- Coat of arms
- Coordinates (Przyłęk): 51°20′N 21°45′E﻿ / ﻿51.333°N 21.750°E
- Country: Poland
- Voivodeship: Masovian
- County: Zwoleń
- Seat: Przyłęk

Area
- • Total: 130.89 km^{2} (50.54 sq mi)

Population (2006)
- • Total: 6,479
- • Density: 49/km^{2} (130/sq mi)
- Website: http://www.przylek.pl/

= Gmina Przyłęk =

Gmina Przyłęk is a rural gmina (administrative district) in Zwoleń County, Masovian Voivodeship, in east-central Poland.

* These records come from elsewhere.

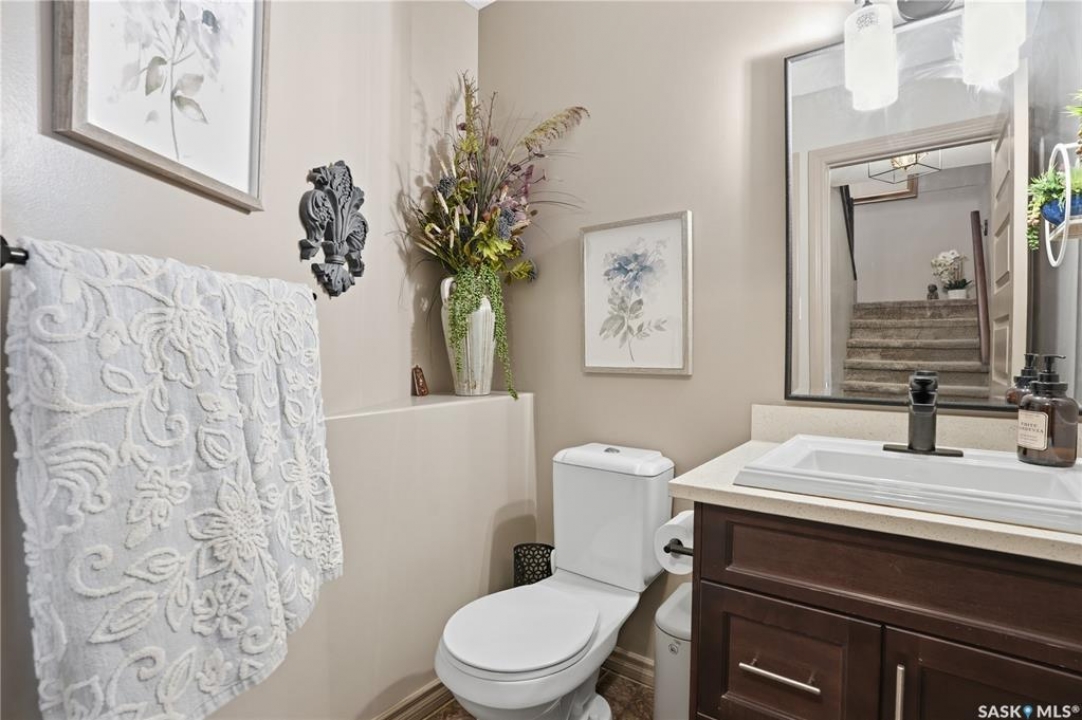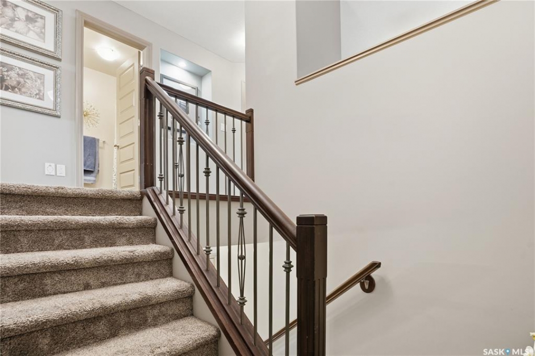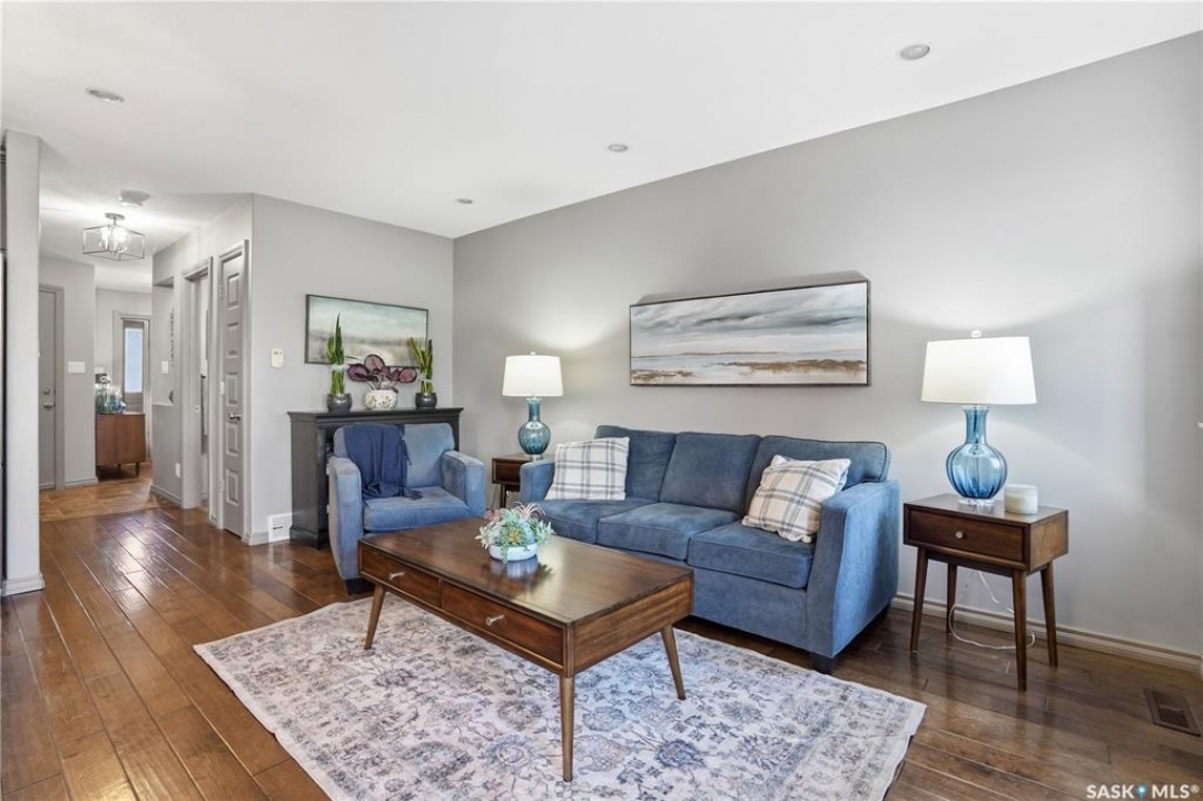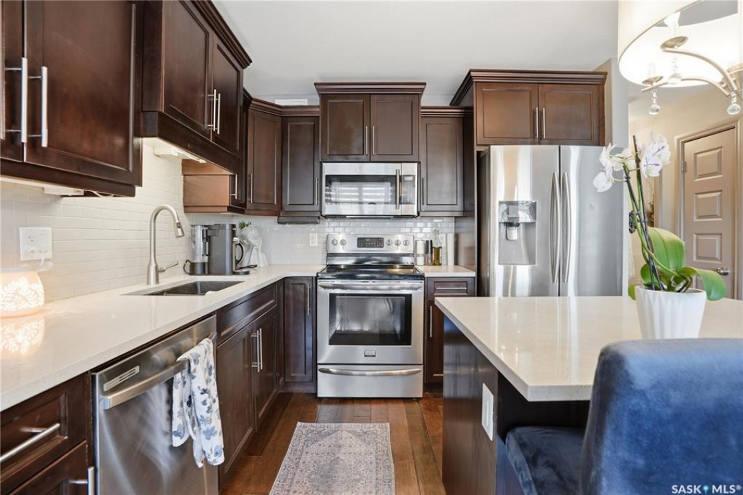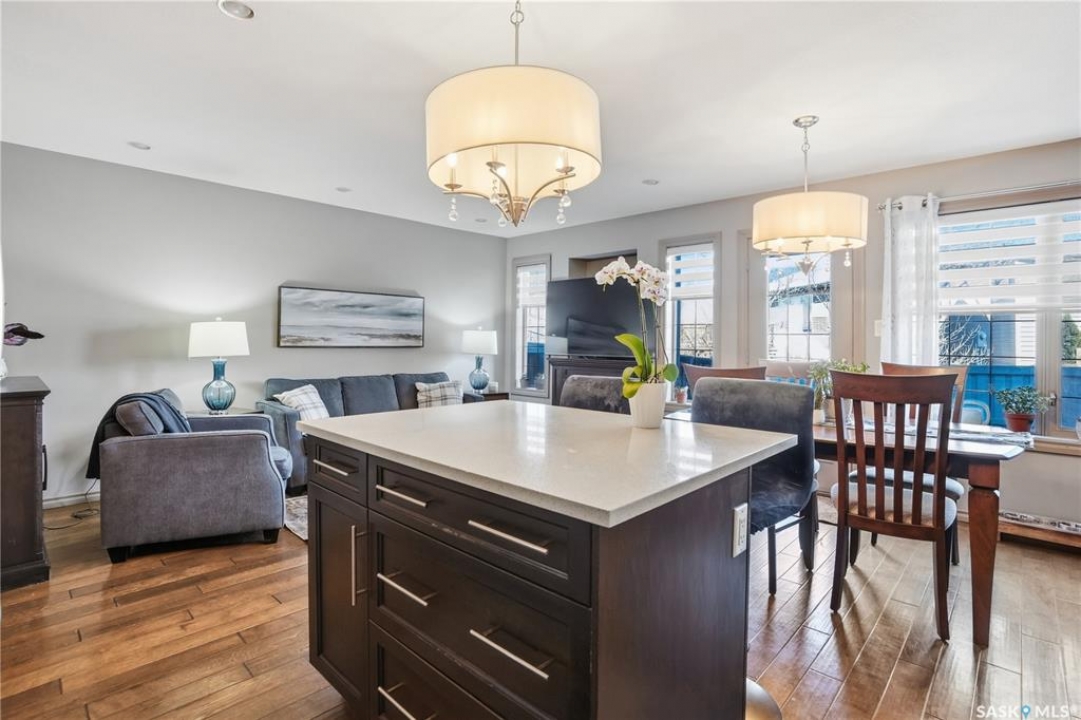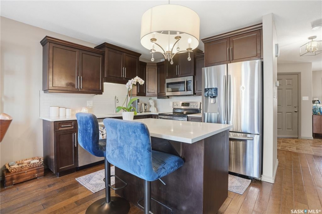 • STYLISH TOWNHOUSE • SPACIOUS PRIVATE YARD • GARAGE • 1414 SQ FT • LOW CONDO FEES • A/C • Skip the yard work, keep the lifestyle—This well-designed Northridge-built condo offers a functional layout with modern finishes throughout. A welcoming foyer with direct garage access is nicely separated from the open-concept main floor, and a convenient 2-piece guest bath is tucked down the hall. The kitchen features quartz countertops, maple cabinetry, newer stainless steel appliances, and a large island— perfect for prep and entertaining—overlooking the dining and living area with a cozy gas fireplace. Double patio doors lead to your private, maintenance-free yard with a patio—an ideal extension of your living space. Upstairs, a versatile bonus room works perfectly as a home office or flex space. The primary suite offers a walk-in closet and 3-piece ensuite, while the second bedroom is privately located near the 4-piece bath. The fully developed lower level adds a bright family room with a flexible nook (bar, workspace, or media area), plus a 3-piece bath, laundry, and storage. Includes a second parking stall with visitor parking right out front. Pet-friendly with approval (including dogs). Close to shopping, parks, walking paths, schools, and the Sandra Schmirler Leisure Centre.
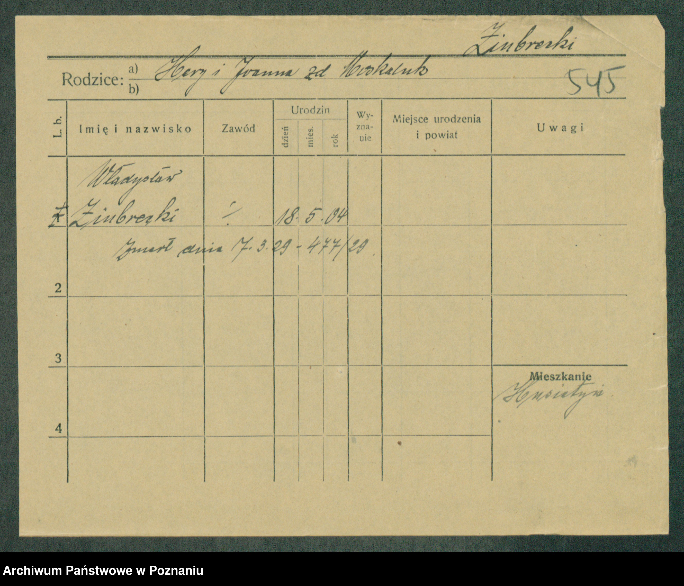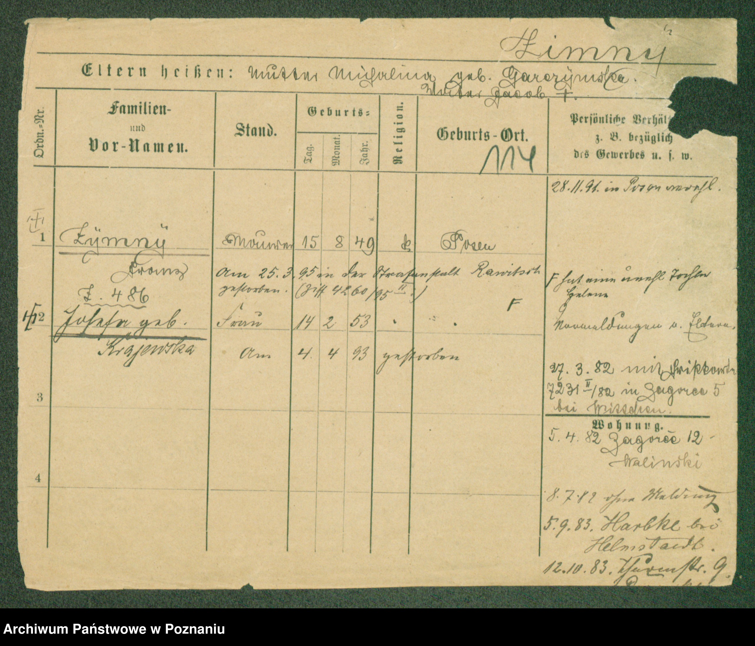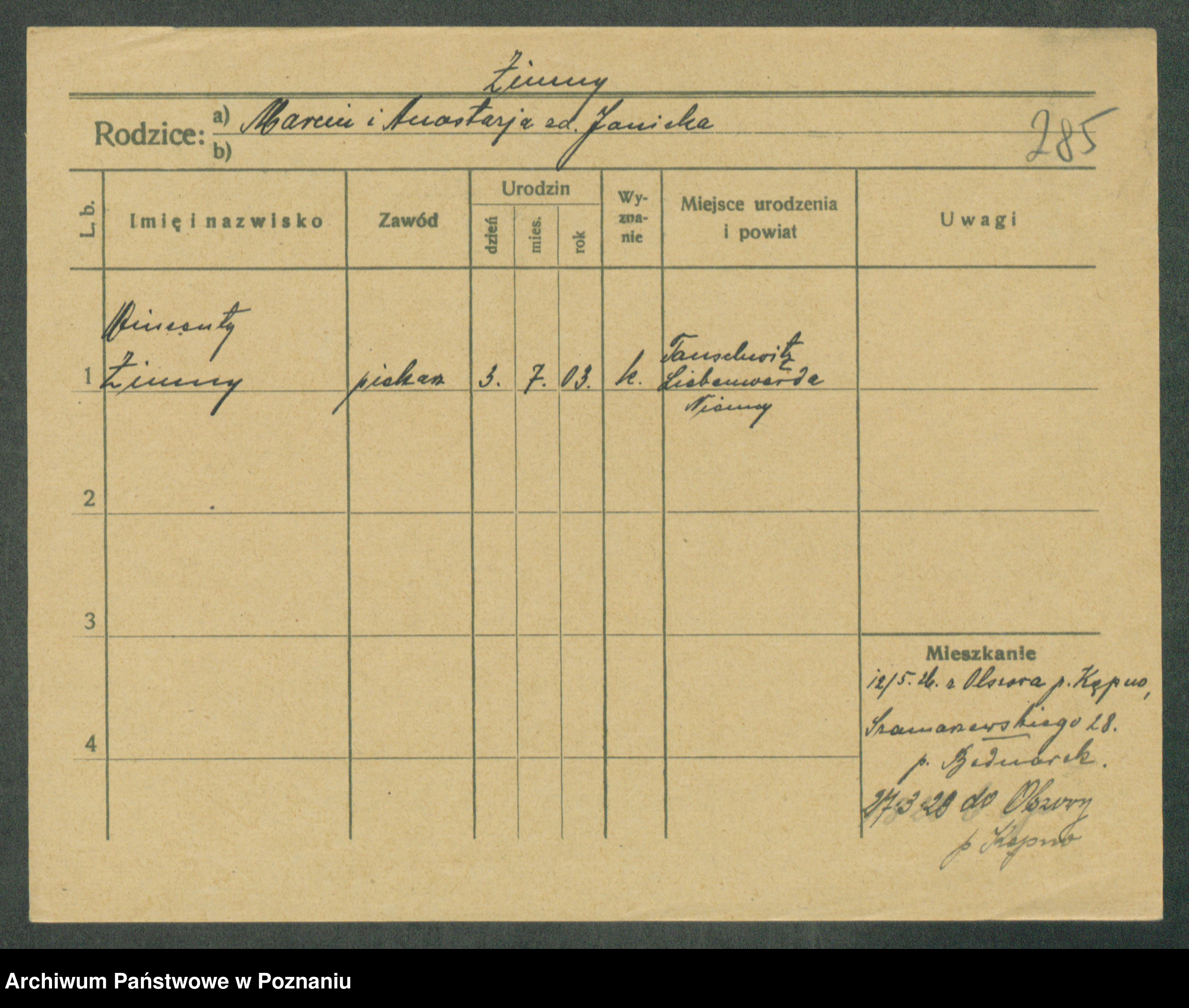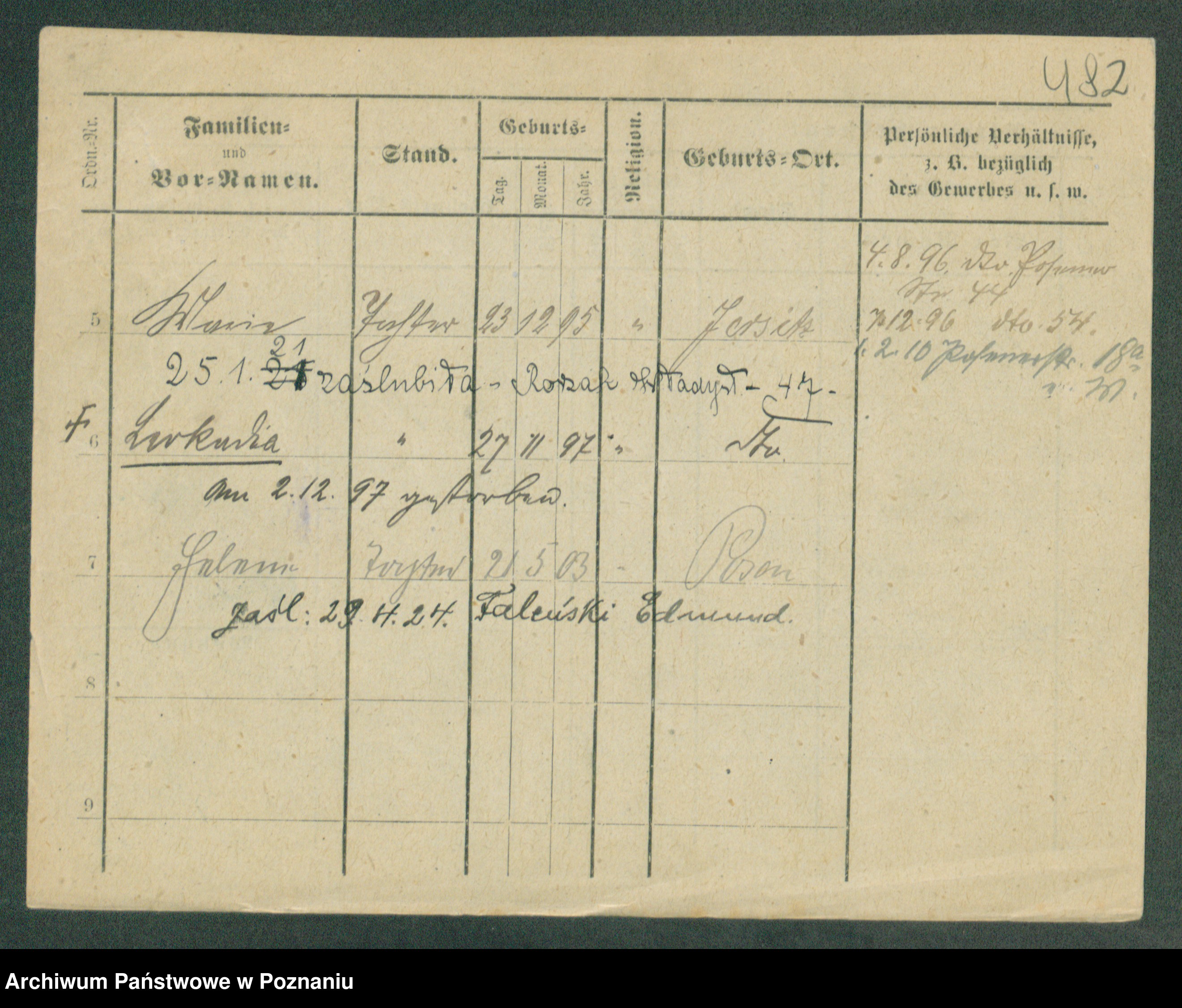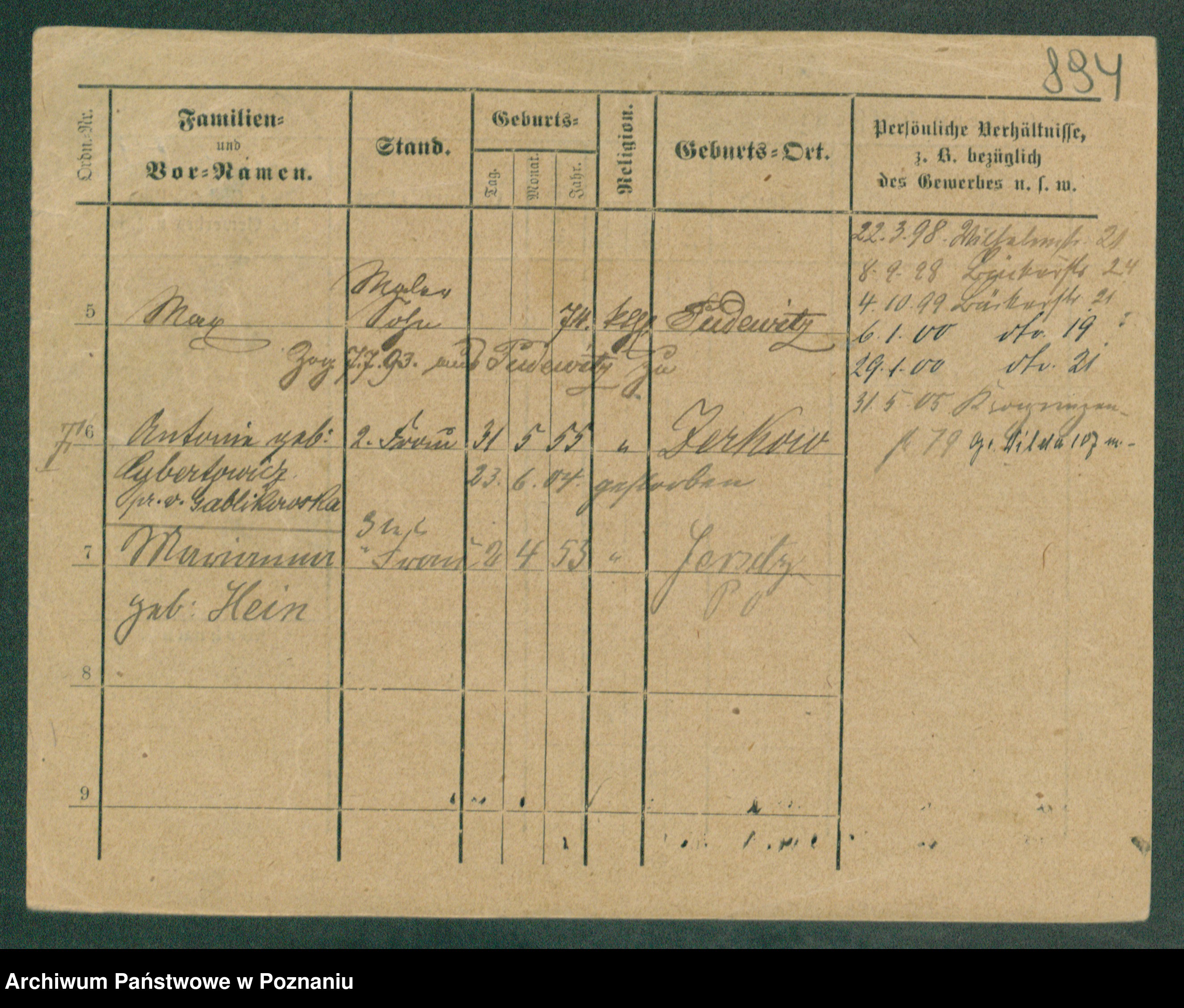 Podgląd karty osobowej dostępny jest po kliknięciu na nazwisko lub ikonkę karty. Można dokonywać powiększenia (ikony na górze) lub przechodzić między kolejnymi skanami (strzałki po bokach).
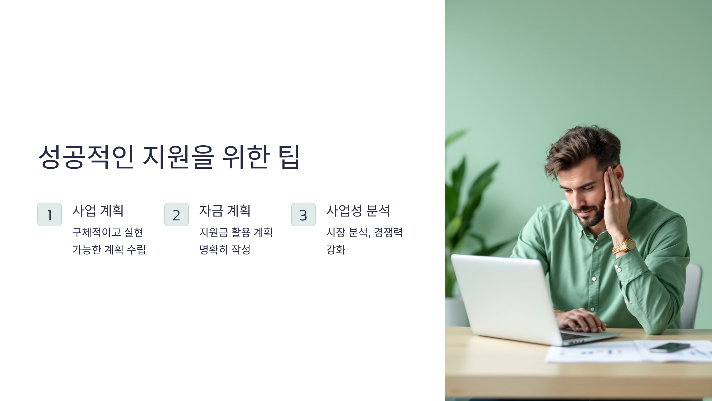 1. 정확한 자료 준비: 신청 시 필요한 서류를 빠짐없이 준비하세요. 특히 사업 계획서의 경우, 논리적이고 설득력 있게 작성하는 것이 중요해요.
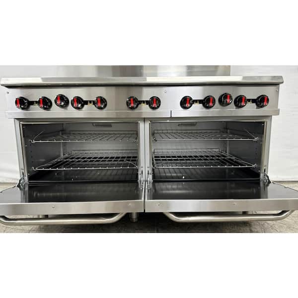 60 in. W 10 Burner Freestanding Commercial Double Oven Gas Range in. Stainless Steel
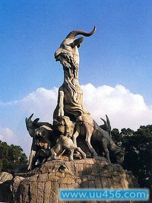 五羊石像坐落越秀公园内,该石像有一美丽传说:五位仙人身着五色衣服,骑五色羊,从南海飘来,降临广州,五只羊嘴里各衔一茎六穗的稻谷。仙人将稻穗送给当地居民,并祝福永无饥荒,言毕腾空而去,羊化为石。广州亦得别称“羊城”和“穗城”。
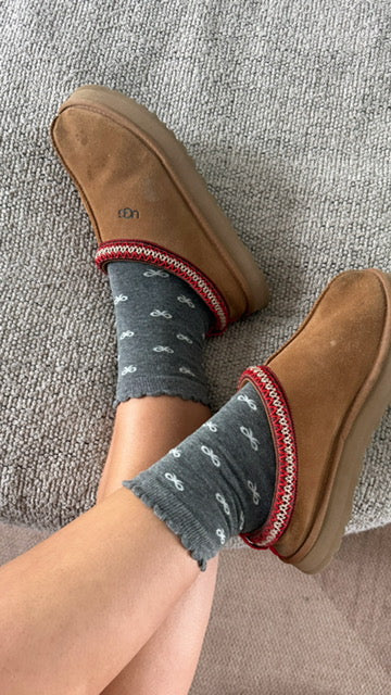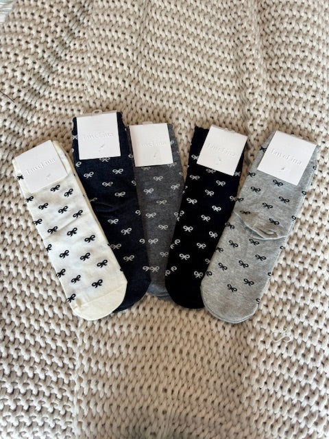 These Minimal Bow Ankle Socks feature a charming, delicate bow pattern on a soft and stretchy fabric, perfect for everyday comfort.
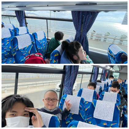 淡路サービスエリアでトイレ休憩をし、観光バスは次の目的地に向かって進んでいます。

Its seat is the village of Przyłęk, which lies approximately 12 kilometres (7 mi) south-east of Zwoleń and 114 km (71 mi) south-east of Warsaw.

The gmina covers an area of 130.89 km2, and as of 2006 its total population is 6,479.

==Villages==
Gmina Przyłęk contains the villages and settlements of Andrzejów, Babin, Baryczka, Grabów nad Wisłą, Helenów, Ignaców, Krzywda, Kulczyn, Łagów, Łaguszów, Ławeczko Nowe, Ławeczko Stare, Lipiny, Lucimia, Mierziączka, Mszadla Dolna, Mszadla Nowa, Mszadla Stara, Okrężnica, Pająków, Przyłęk, Ruda, Rudki, Stefanów, Szlachecki Las, Wólka Łagowska, Wólka Zamojska, Wysocin, Załazy, Zamość Nowy and Zamość Stary.

==Neighbouring gminas==
Gmina Przyłęk is bordered by the gminas of Chotcza, Janowiec, Policzna, Puławy, Wilków and Zwoleń.